The iteration mode is specific to the iterator of python, which can separate the operation of traversing the sequence from the bottom of the sequence, and provide a general method to traverse the elements.
Such as list, dictionary, set, tuple and string. The underlying data models of these data structures are different, but they can also be traversed by using the for loop. It is precisely because each data structure can generate an iterator and can be iterated through the next() method, so you don't need to care about how to save the elements at the bottom and don't need to consider the internal details.
Similarly, if it is a self-defined data type, even if the internal implementation is complex, only the iterator needs to be implemented, and there is no need to care about the complex structure. The general next method can be used to traverse the elements.
Implementation of general value of complex data structure
For example, we construct a complex data structure: {(x,x):value}, a dictionary, where key is a tuple and value is a number. According to the iterative design pattern, the general value selection method is realized.
Example implementation:
class MyArrIterator(): def __init__(self): self.index = 1 self.elements = {(1,1):100, (2,2):200, (3,3):300} def __iter__(self): return self def __next__(self): if self.index > len(self.elements): raise StopIteration value = self.elements[(self.index, self.index)] self.index += 1 return value arr_iter = MyArrIterator() print(next(arr_iter)) print(next(arr_iter)) print(next(arr_iter)) print(next(arr_iter))
100 200 300 Traceback (most recent call last): File "iter_two.py", line 22, in <module> print(next(arr_iter)) File "iter_two.py", line 12, in __next__ raise StopIteration StopIteration
As long as it is realized__ next__ Method can be accessed through next(), no matter how complex the data structure is__ next__ Masking the underlying details.

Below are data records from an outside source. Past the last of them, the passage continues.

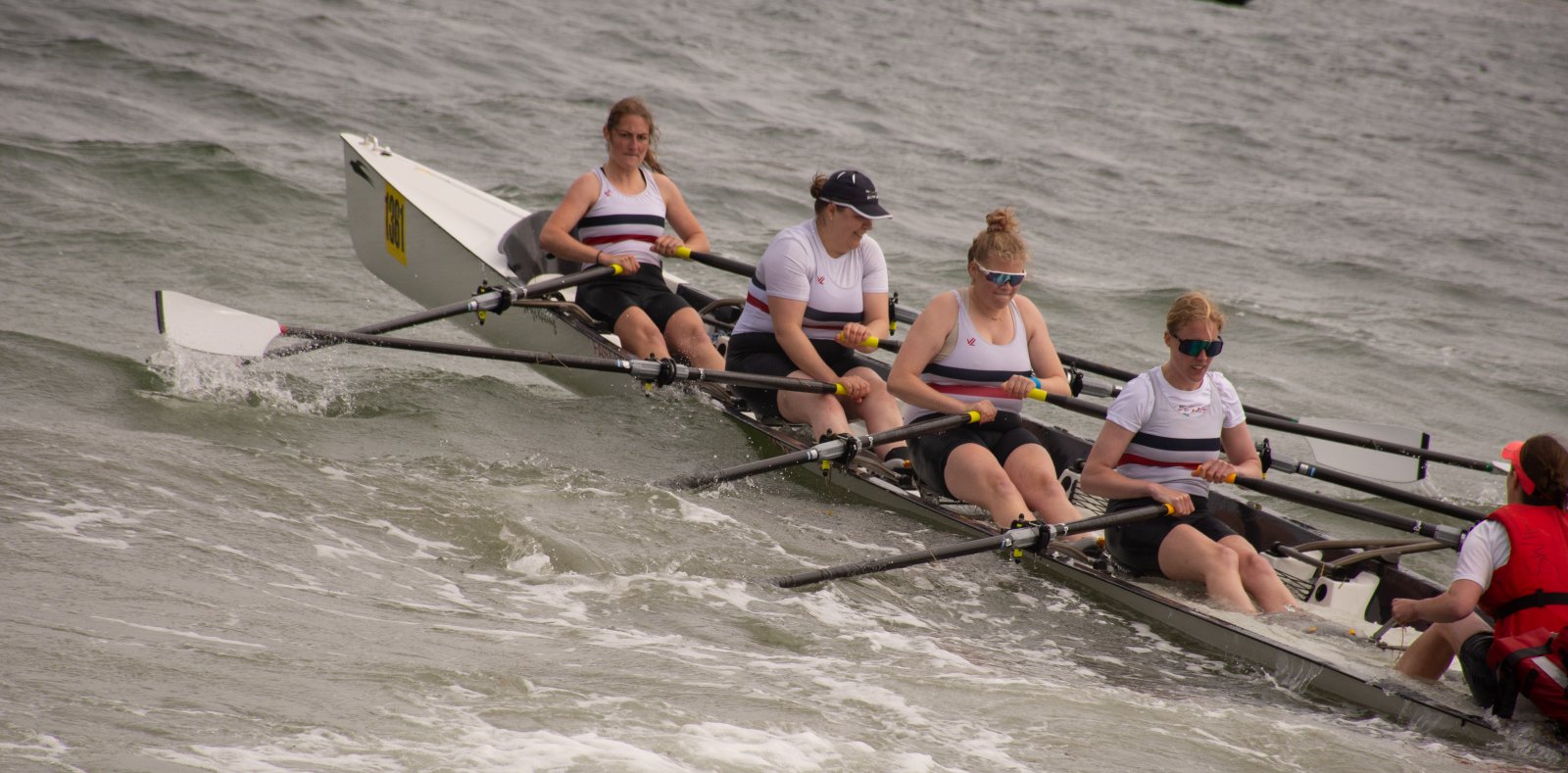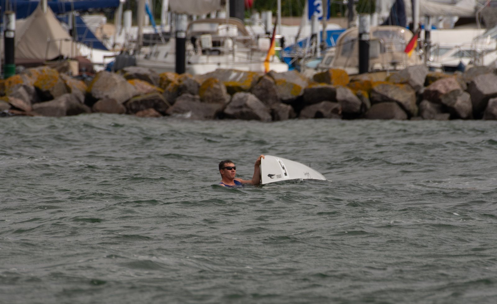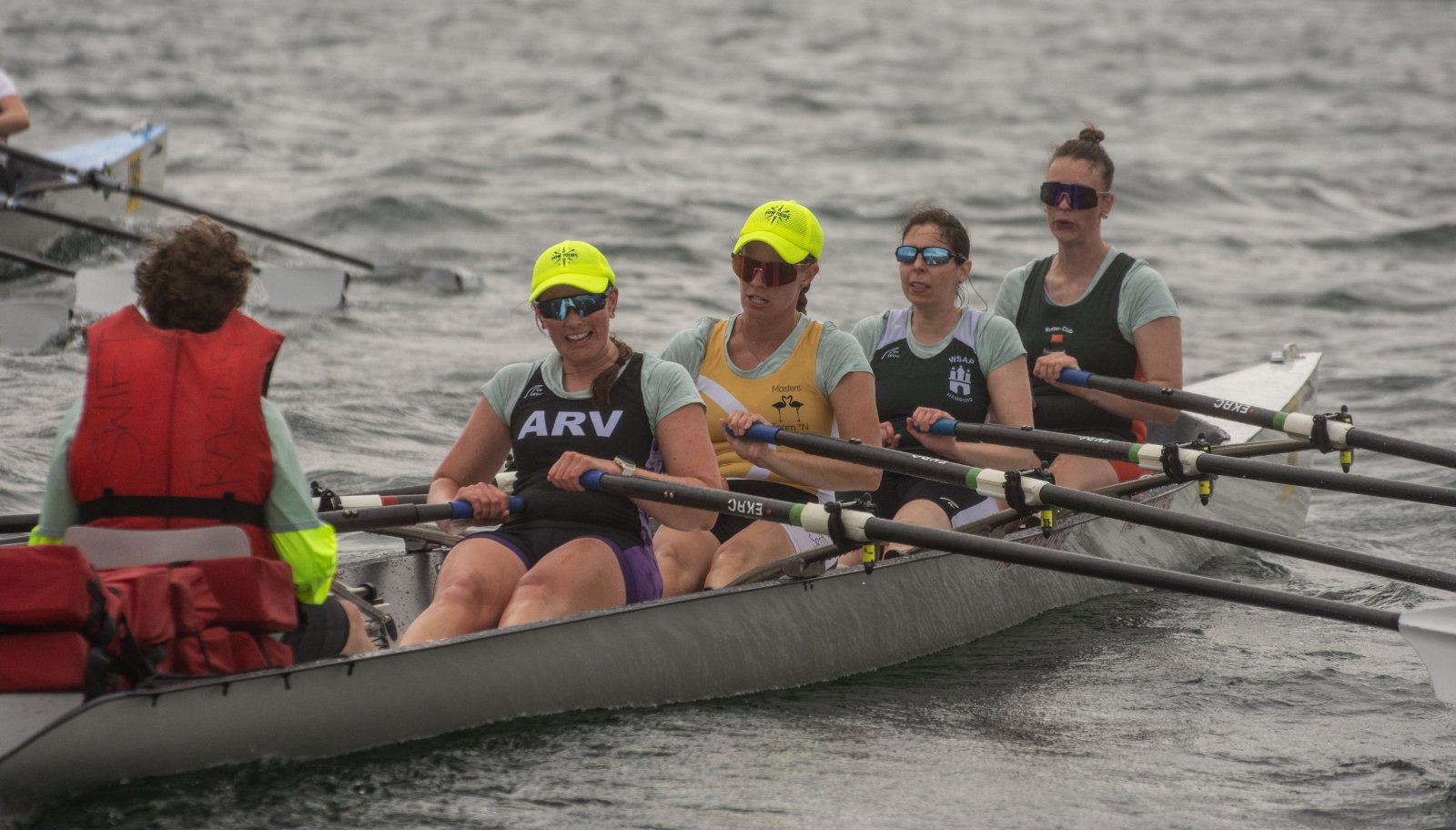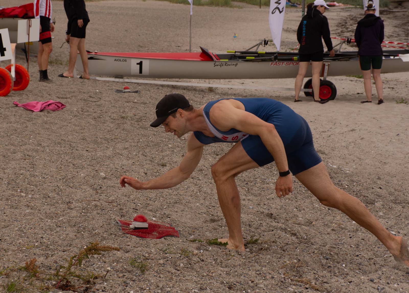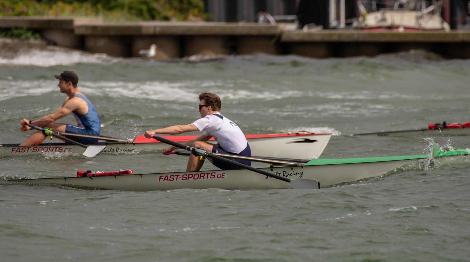 Action oder Abbruch? Diese Frage schwebt am Sonntag über der 4. Kieler Coastal-Regatta, als im Laufe des Tages die Bedingungen von freundlich über zunehmend coastalfreundlich hin zu ungemütlich zu kippen drohen. Ein frischer Ostwind beschert uns Brandung direkt am Strand, welche den Job der Bootshandler am Start zunehmend beschwerlicher werden lassen. Um einen kompletten Abbruch zu umgehen, verkündet die Regattaleitung zum Nachmittag einige Änderungen im Austragungsmodus: Auf den Beachstart wird verzichtet, die Vierrennen werden jeweils auf Zweierfelder gestreckt um das Risiko von Kollisionen zu vermeiden und die Einerstaffeln werden im Vierer ausgefahren – die häufigen Wechsel im Einer bergen zu große Risiken.
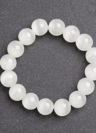 Браслет з каменю Котяче око Білий d-10мм на резинці обхват 18 см
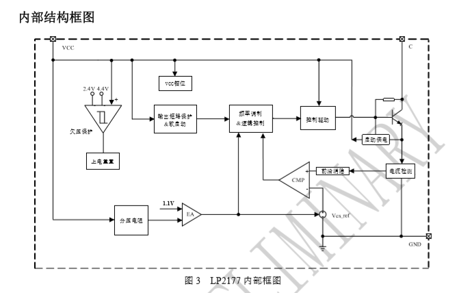 LP2177 內部集成高壓功率管,采用恒壓控制模式, 系統可工作于CCM和DCM模式。采用特有的PFM控制方式,改善音頻特性。
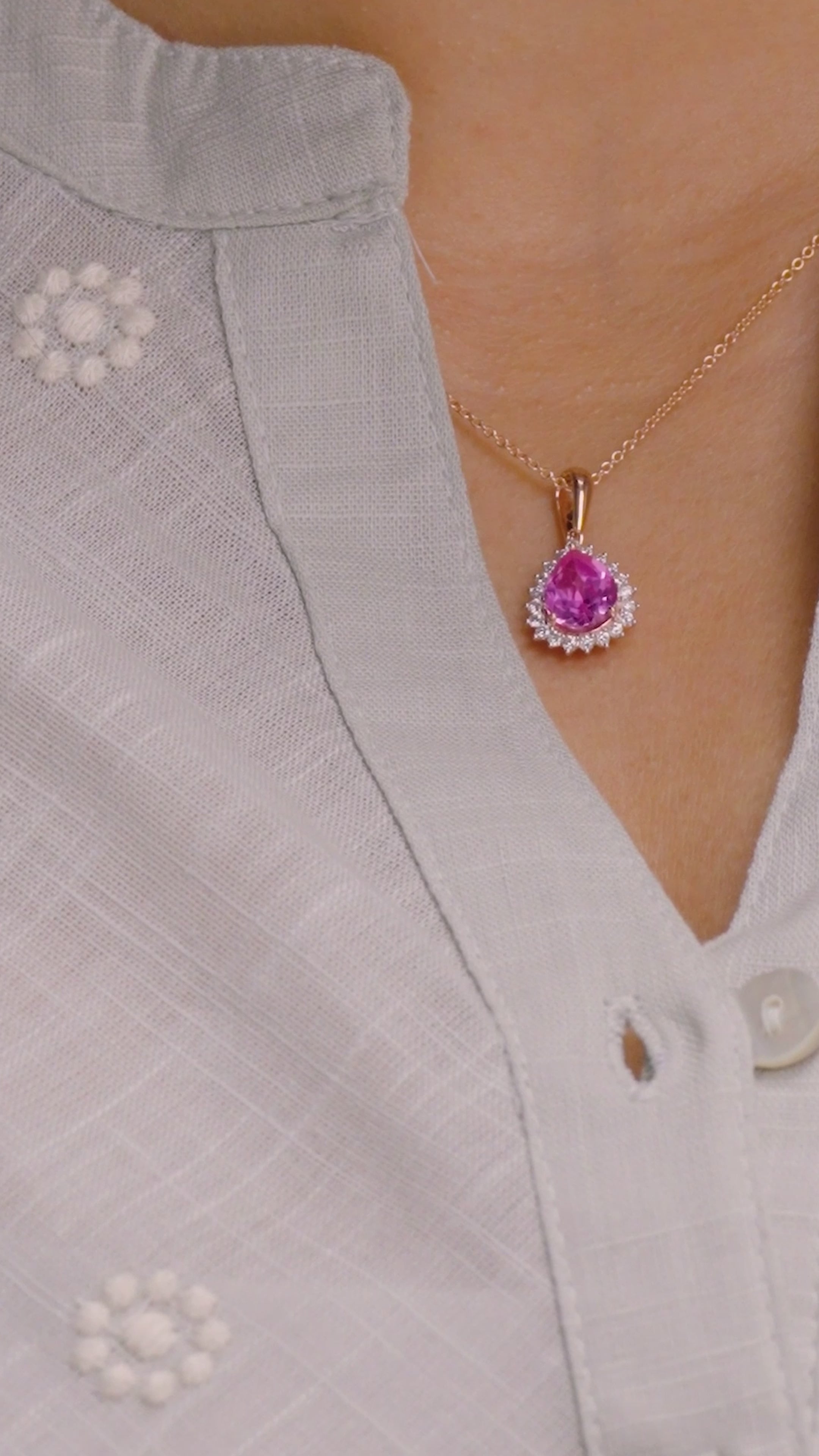 The pear shape is so chic, and the diamond halo adds just the right amount of sparkle.
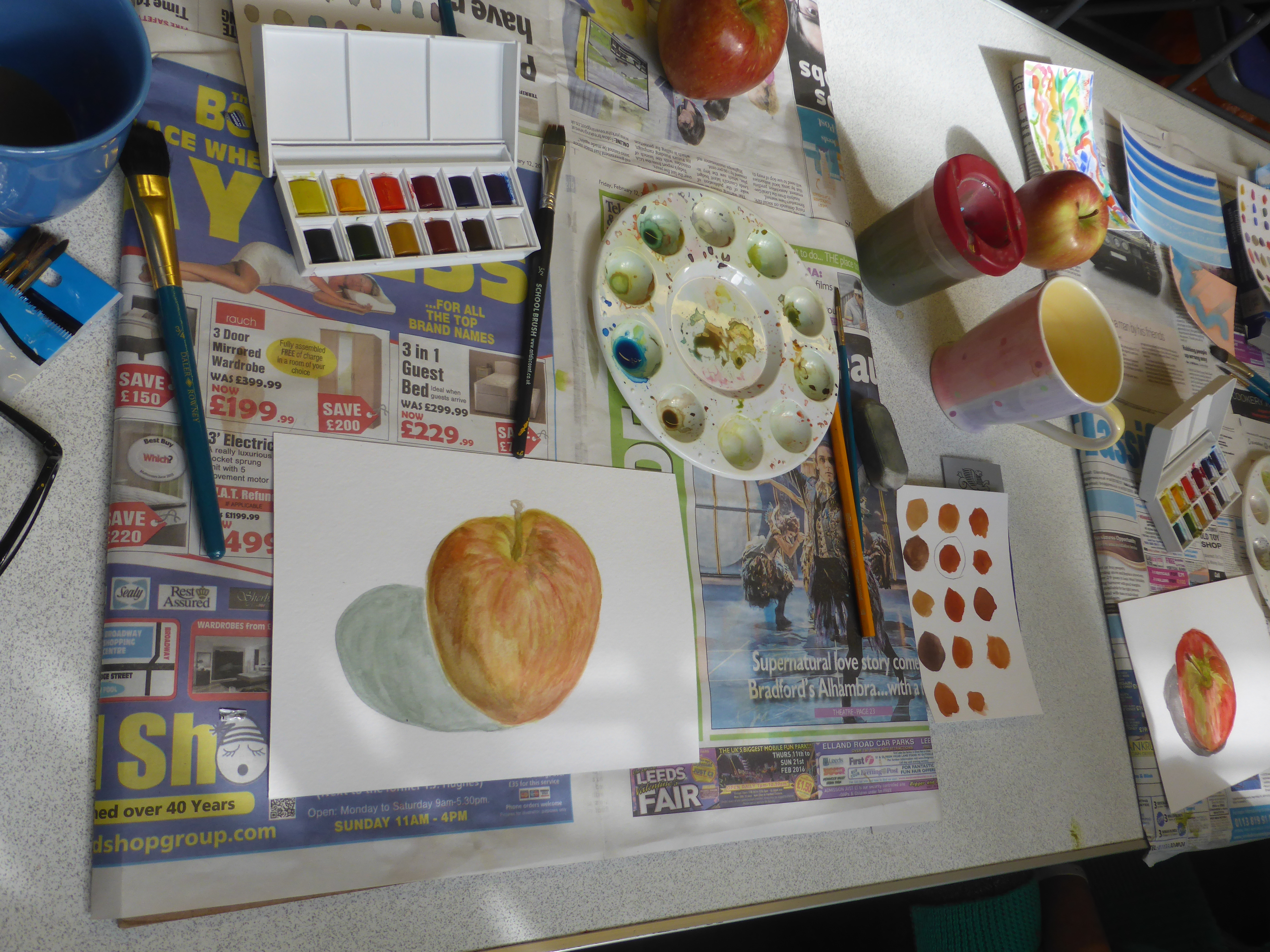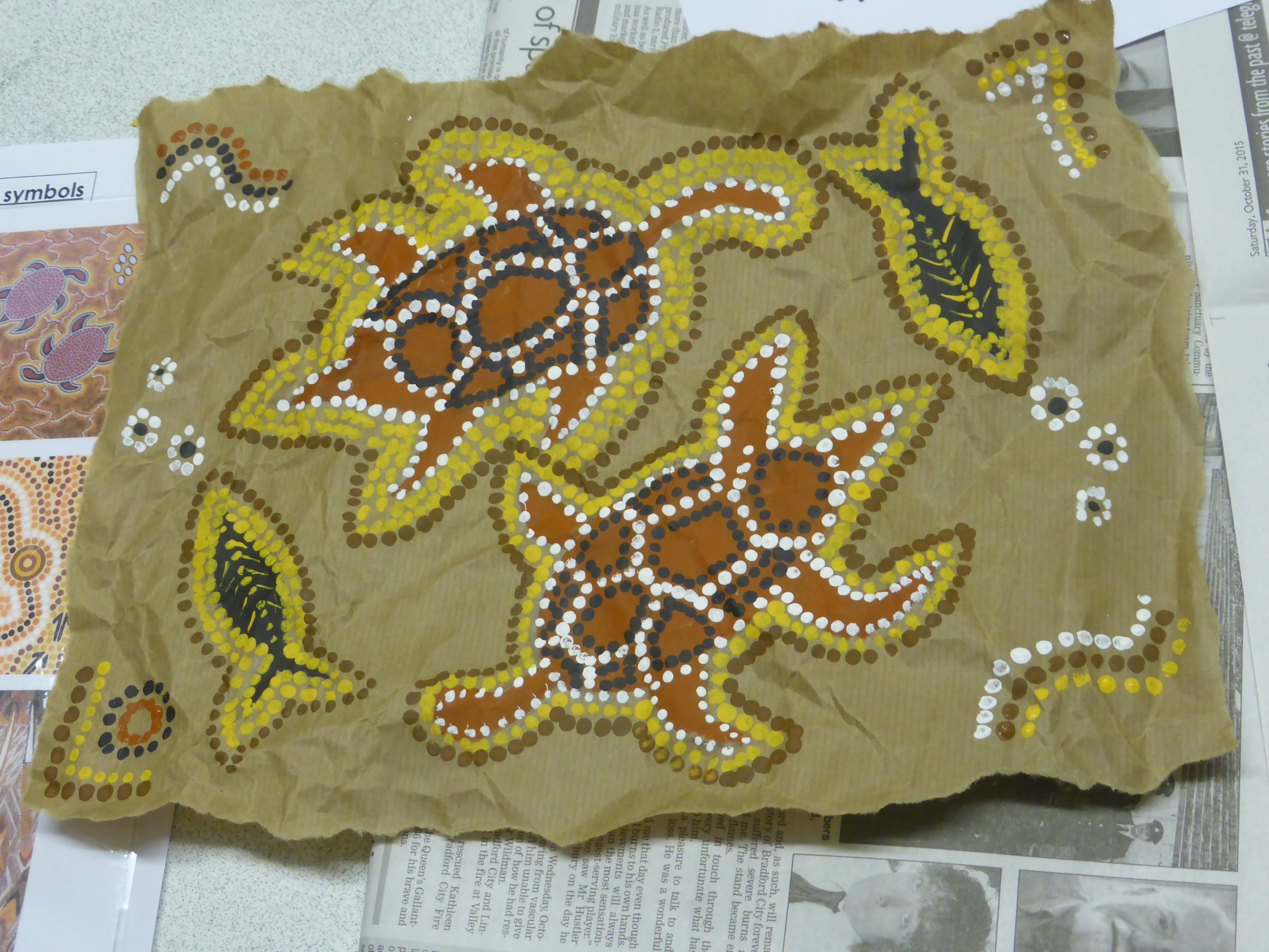 Finally, the new term has started for Leeds Art Group and already I can see some very promising talent emerging. The Beginners Drawing Course Level 2 worked on some basic drawing skills and built up a picture using simple shapes. The Beginners Animal Portraiture Course began with a pencil drawing of a dog. The Beginners Pattern Course created their own interpretations of Aboriginal paintings and the Beginners Watercolour Painting Course used different exercises to explore colour mixing. A great first lesson for all the courses, well done everyone. Hope it’s whet your appetite, there’s plenty more to come.
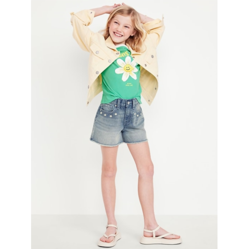 OldNavy High-Waisted Embroidered Frayed-Hem Jean Shorts for Girls
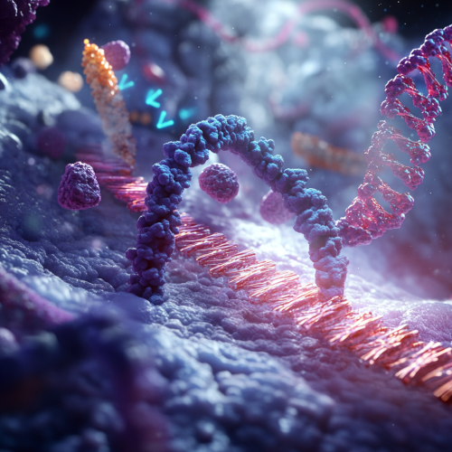Create a detailed and realistic 4K image of the CRISPR/Cas9 gene editing process inside a cell. Show the Cas9 enzyme bound to the single guide RNA (sgRNA) complex, which consists of trans-activating CRISPR RNA (tracrRNA) and CRISPR RNA (crRNA). Illustrate the sgRNA guiding Cas9 to the target DNA sequence, with the protospacer adjacent motif (PAM) sequence visible next to the DNA. Highlight the Cas9 enzyme creating a double-strand break in the DNA. The scene should be depicted in a highly detailed, realistic manner within a cellular environment, emphasizing the interaction between the CRISPR/Cas9 components and the DNA
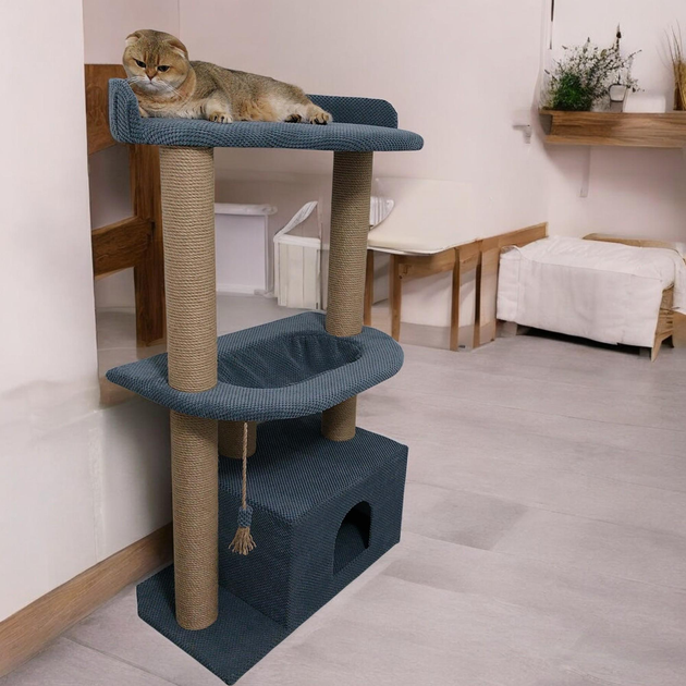Компактна кігтеточка лазалка для котиків всіх порід з будиночком гамаком 115х70х40см сіро-бежева
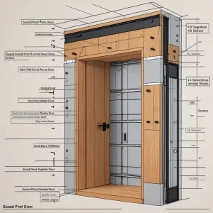 «Create an architectural plan and section of a sound proof door f...»
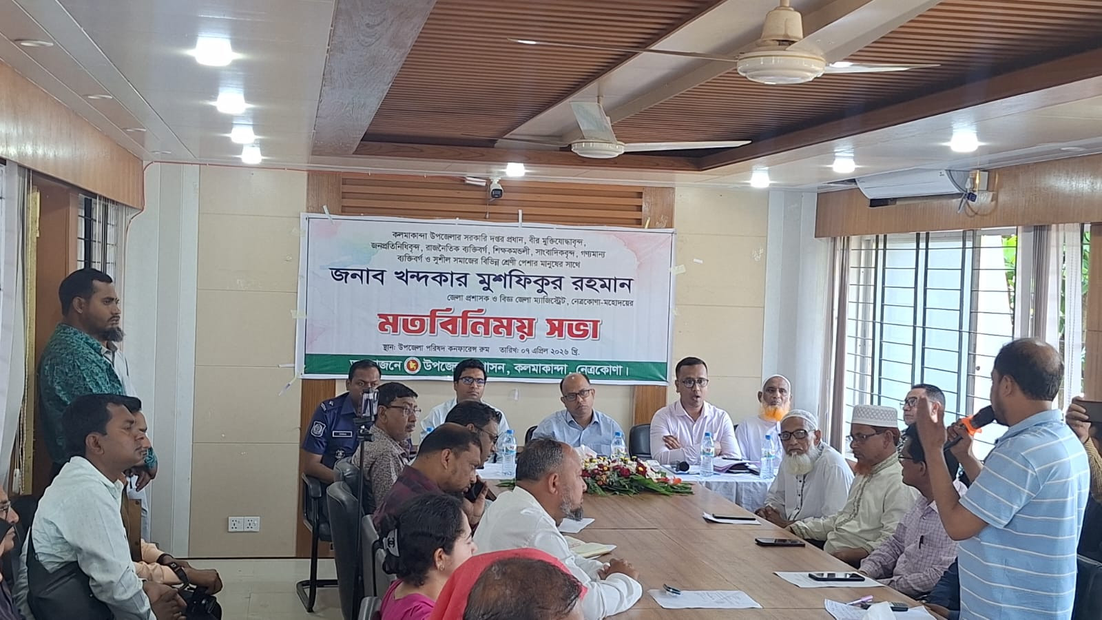 নেত্রকোণার কলমাকান্দায় মঙ্গলবার জেলা প্রশাসক ও বিজ্ঞ জেলা ম্যাজিস্ট্রেট বিভিন্ন পেশাজীবীদের সঙ্গে মতবিনিময় সভা করেছেন। উপজেলা প্রশাসনের উদ্যোগে এ অনুষ্ঠানের আয়োজন করা হয়।

This design idea is a common idea, such as driver design and third-party platform intervention design, which shield differences and provide a unified calling method.
Disadvantages and misunderstandings of iterators
shortcoming
The disadvantages of iterators are also mentioned in the above introduction, focusing on:
- The value is not flexible enough. The next method can only take values backward, not forward. The value is not as flexible as the index method, and a specified value cannot be taken
- The length of the iterator cannot be predicted. The iterator takes the value through the next() method and cannot know the number of iterations in advance
- Once used up, it will fail
misunderstanding
The advantages and disadvantages of iterators have been made clear. Now we discuss a common misunderstanding of iterators: iterators can't save memory
Add a premise to this sentence: the iterator here refers to an ordinary iterator, not a generator, because the generator is also a special iterator.
This may be a misunderstanding, that is, to create an iteratable object and iterator with the same function, the memory occupation of the iterator is less than that of the iteratable object. For example:
>>> arr = [1,2,3,4] >>> arr_iter = iter([1,2,3,4]) >>> >>> arr.__sizeof__() 72 >>> arr_iter.__sizeof__() 32
At first glance, it is true that the memory occupied by the iterator is less than that of the iteratable object. Think carefully about the implementation of the iterator. It refers to the elements of the iteratable object, that is, to create the iterator arr_iter also creates a list [1,2,3,4]. The iterator only saves the reference of the list, so the iterator's arr_iter's actual memory is [1,2,3,4] + 32 = 72 + 32 = 104 bytes.
arr_iter is essentially a class object. Because the python variable is the feature of saving the address, the address size of the object is 32 bytes.
Later, there is a special analysis on the memory occupied by iterators and generators, which can be proved by numbers.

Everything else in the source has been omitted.